27 thoughts on “June 28, 2018: Hooky”

  1. Minor Details will not appear tomorrow. It may be back Saturday, or it may take a few days off and come back sometime next week. Nothing to be concerned about, just lots of things going on at the moment.

    1. What I find most striking when watching old footage like this, and there was another of San Francisco before the earthquake, is how freely people walked in the streets. The death machines hadn't yet taken over.

        1. My favorite part was the taxi nearly getting hit by the horse and bugy merging into its "lane".

  2. Twenty five years ago today the Mississippi River reached flood stage in St. Louis, with the official crest occuring on Aug. 1 at 49.58' above flood stage.

    1. The floods of '93, I seem to recall St. Louis got two big crests that year, no? I was producing at KARE then and at one point I wrote a generic flooding story that you could just fill in the blanks with the name of the town/river, flood crest measurement, dam/levee conditions, deaths/injuries/damages, etc. Basically a checkbox script.

      1. It crested more than once, yes, and we were lucky enough to be downtown at the arch on Aug 1st. There's a plaque that was placed on the side of the steps where the water line was, and it's incredible now to see just how far up the Mississippi was that day.

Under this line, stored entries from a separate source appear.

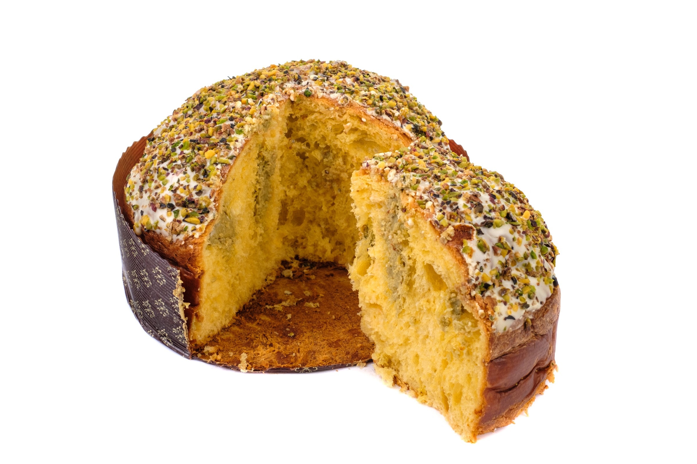Il nostro panettone al pistacchio, farcito con crema al pistacchio e glassato con cioccolato bianco e granella di pistacchio.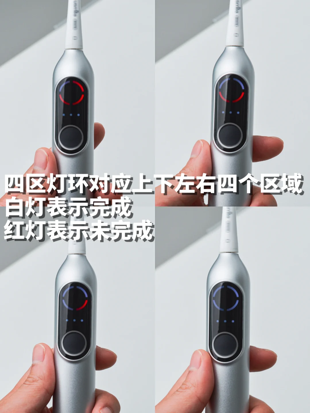 ▫同时它的可视化的小圆屏对应了牙齿的上下左右四个区域,可智能感测已刷完的区域并亮白灯,红灯表示还没刷干净的区域,如果有漏刷还会提醒。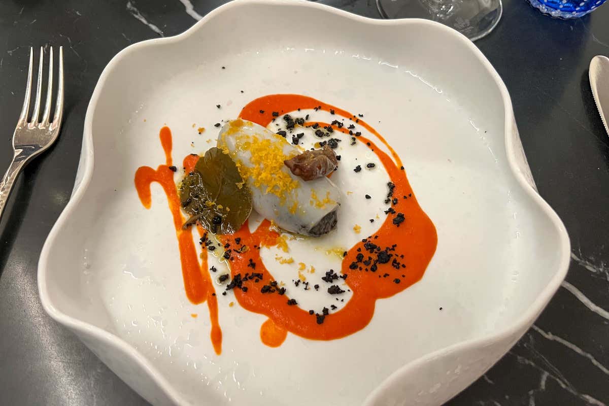 Il menu di La Musa si legge come la mappa di un viaggio. Ogni piatto è una tappa: dalla delicatezza del maki che sposa la ricciola, all'avocado, alla ricotta di pecora e crema di pomodori secchi, ogni ingrediente ci parla di viaggio. I ravioli aperti sono un equilibrio tra la terra e il mare, con i friarielli che si abbracciano allo scampo in una presentazione che sfida la convenzione della pasta ripiena. La cacciatora di calamaro è un incontro tra la ricchezza vegetale e la pesca, dove la melanzana e la bottarga sono elementi di un dialogo culinario in cui nessuno prevale ma tutti contribuiscono al racconto complessivo. E il dolce, "Finire a capra e mele", è l'epilogo di questo viaggio, un piatto che lascia il segno con la sua capacità di unire la freschezza della mela alla cremosità del latte di capra.
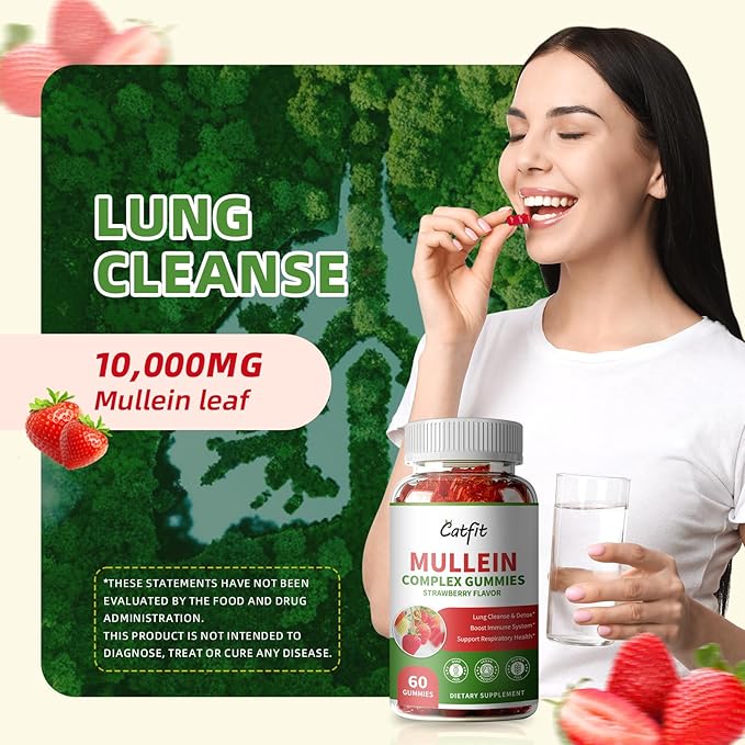 - Gentle Absorption, Effective Benefits – Designed to be easy on your digestive system, Catfit mullein gummies provide a convenient and pleasant way to enjoy the benefits of Mullein leaf extract for lungs. Supporting respiratory health, immunity, and overall wellness
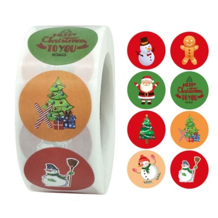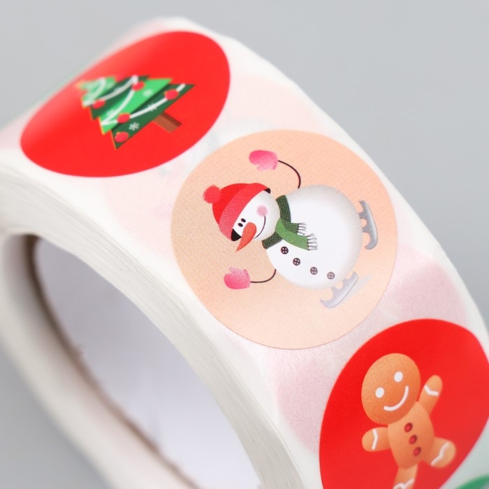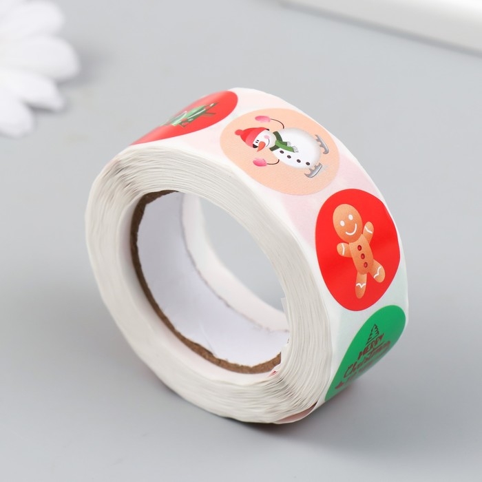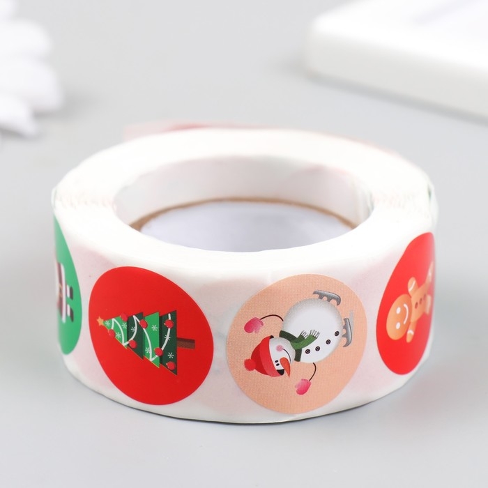 Наклейка бумага "Рождество" d=2,5 см 500 шт в рулоне 3х6,5х6,5 см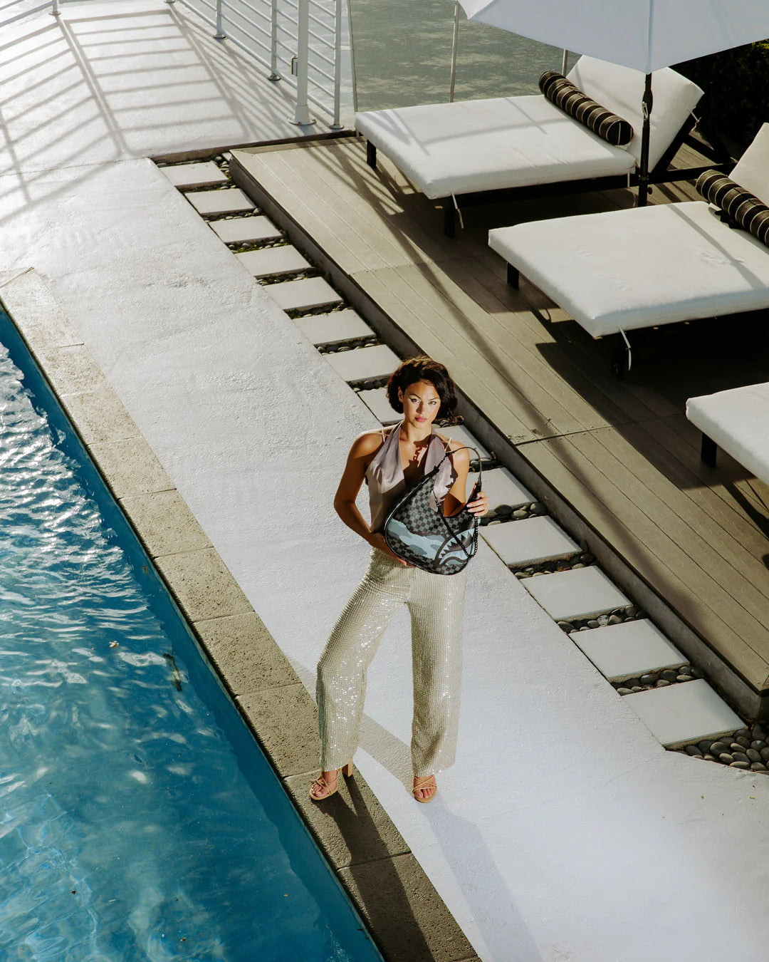 Gunmetal chain attached to the zipper, studs, and SG handle detail plus one interior pocket.

  3. The World Cup is great, but it would be 10x better as a double-elimination tournament. You might get a couple teams trying to get through on scoreless draws and blind luck in penalties, but at least one team is going to feel like playing to win, as opposed to situations like the end of the Japan-Poland game, with neither side bothering to risk attacking.

    Double-elimination makes even more sense when they move to 48 teams, because groups of 3 would be epically stupid.

  4. Seen in the parking lot at my grocery store: a shopping cart shoved up by a tree enclosure (a low concrete planter around a tree, basically curb height). LITERALLY next to a cart return corral.

    Really, you are so lazy that you will walk to the front of a parking spot to shove the cart over the curb, which was MORE WORK than walking next to the parking spot to put the cart in the cart return corral???

    1. And if you'd been there earlier, you'd have seen that the cart return was completely full prior to being emptied, so it was the next best place to leave it.

  5. Farm report:

    Rochester is going for a sweep of Syracuse. They won the first game 2-1 and lead the second game 7-5 in the seventh. Byron Buxton is 2-for-7 and Jorge Polanco is 4-for-7 with a triple. Nick Gordon put the Red Wings ahead in game two with a three-run homer, his first.
    Chattanooga lost to Tennessee 7-5. Brent Rooker was 3-for-4 with two home runs and a double.
    Fort Myers defeated Tampa 13-0. Caleb Hamilton was 3-for-4 with two home runs and a double.
    Cedar Rapids was rained out.
    Elizabethton is losing to Danville 11-1 in the ninth. Yunior Severino is 3-for-4.
    The GCL Twins lost to the Rays 12-11 in 11 innings. Janigson Villalobos was 3-for-3 with a triple and a double.
    The DSL Twins defeated the Phillies Red 8-2. Jesus Toledo pitched five innings, giving up one run on three hits and one walk. He struck out four.

  6. Map nerd alert:

    At work today, I got to see a very detailed map (that was about 3'x10' in size) for a freeway that MnDOT planned to build in St. Paul in the early 1960's, but that never happened. Frankly, I never even knew this freeway was once supposed to exist (unlike I-335 that was planned but never got built in NE Mpls, but which I knew about). Super cool stuff.

    Basically, it would have jutted north from I-94 where Highway 61 currently goes south (east of down St. Paul about 2 miles) and head north for a couple of miles before veering east through Oakdale. It would have been part of Highway 212 (back when that extended past its current eastern terminus at 169/62), but, when it never was built, the old Highway 5 was built instead (but not as a highway)

      1. Sadly, no. I doubt I'll ever see it again. Then again, I believe they have a map room in the basement of its building on John Ireland, so you might be able to walk over there and find access to a similarly cool old map. but I don't know how accessible it is to the public.